Race while sick?

I was supposed to race this morning (Lake Murray sprint TRI, South Carolina), but woke up yesterday with a sore throat and not feeling very well. I had been a bit sick a few weeks ago, and found that my heart rate at that time was extremely high and I had very little energy and endurance while training. I checked my resting HR last night, and it was about 12-15 bpm above normal, which concerned me. Although I am very disappointed, I decided not to race for fear I would either blow up or do myself more harm than good by racing when sick. I feel that I probably made the right decision.

Can anybody else tell me their experience with this type situation?

Generally racing while sick means your perfromance might be OK but you could be in for big trouble the following week.
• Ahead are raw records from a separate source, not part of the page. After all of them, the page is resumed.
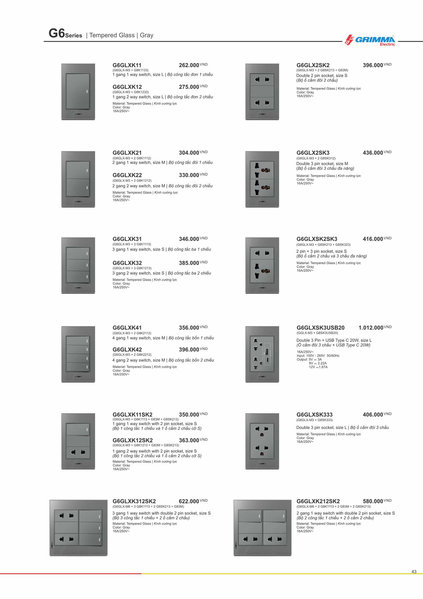 Bộ ổ cắm đôi 3 chấu + USB Type C Grimma G6GLXSK3USB20
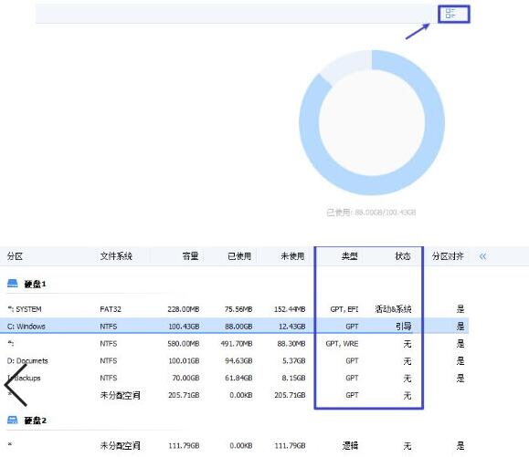 在分区助手专业版中,通过右上角的视图切换按钮,可以将默认的显示界面切换成更加详细的列表模式。 在该模式下,可以直观的看到磁盘每个分区的基本情况。而类型和状态一栏就决定了哪些分区是不能随便删除的。 图中,那个类型为“GPT,EFI”, 状态为“活动&系统”,这个分区,看似小,没什么作用,但是一旦将其删掉用作扩展C,那么,你的系统就完蛋了,只能通过PE修复了。
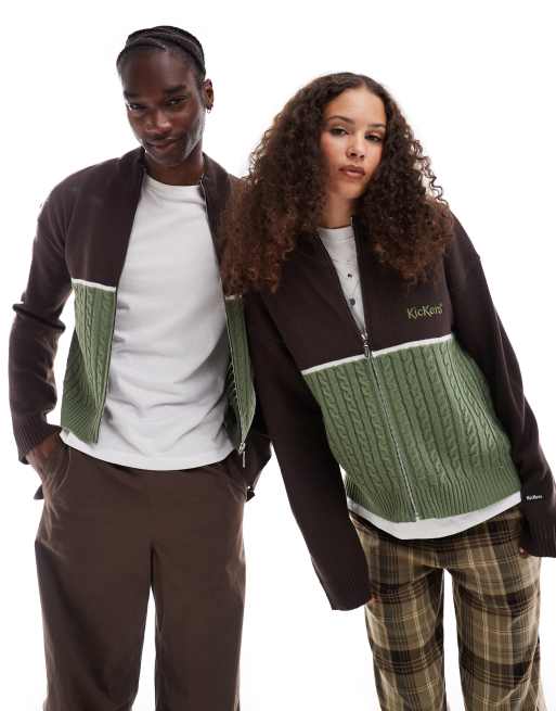 Kickers - Gilet zippé à col cheminée style années 90 en maille - Marron/vert

The old axiom that, if you have symptoms below your neck (chest, etc.) you should not race, but if you have a runny nose or sinus congestion you might be OK is a decent one- but I would go one step further and this early in the season just say forget it and race again when you are recovered.

Isn’t there some heart virus you can get from racing while you’re? I seem to remember a poster on here got it and it took a year to recover from.

Probably best not to mess with serious things like that- the season is still young.

Best of luck for a speedy recovery.

When your HR is high and you’re sick, usually that means you have a fever. You should NOT race with a fever. You really can get into some situations that can attack and/or damage your heart muscle/structures, among other organs.

I did this very race today…worst performance for me in a LONG, LONG time. I’m recovering from bronchitis/pneumonia, and haven’t had a fever for about a week. In retrospect, I shouldn’t have raced. I really had to fight the urge to drop out during the run…and it was only a SPRINT! Not being in the pool for a few weeks isn’t good for a non-fish, and with about 80 people in my swim wave, I got beat-up too boot. Aspirating a little water into already irritated airways isn’t a good thing. The bike went fine, as long as I didn’t push it too hard…which would cause me to cough. But, the bike felt OK…it fooled me into thinking maybe I could actually do OK on the run and make up for my abyssmal swim. Nope. Struggled the whole way. Over a minute per mile slow, dry heaving at the finish five/six times…never done that before.

If I ever have to make the choice of racing after/during an illness again, I’ll go volunteer if in recovery mode, and just stay at home if ill at all. It’s not worth it. You did the right thing.

I raced Wildflower while sick. Huge mistake. 2 weeks of sinus and congestion before. Coughed at the campsite every night for three nights straight. Raced on a Decongestant. DNF’d at mile 46 on bike 84/60 BP. After two more weeks, sinus infection and lung inflammation I am only 85%. And IMCDA is only 5 weeks away. :frowning:

I’m pretty glad I didn’t race now. I went to the doctor and I have a sinus infection which has turned into bronchitis. YUK. The good thing is the nurse gave me a shot in the ass, so I’m feeling better and will live to race another day.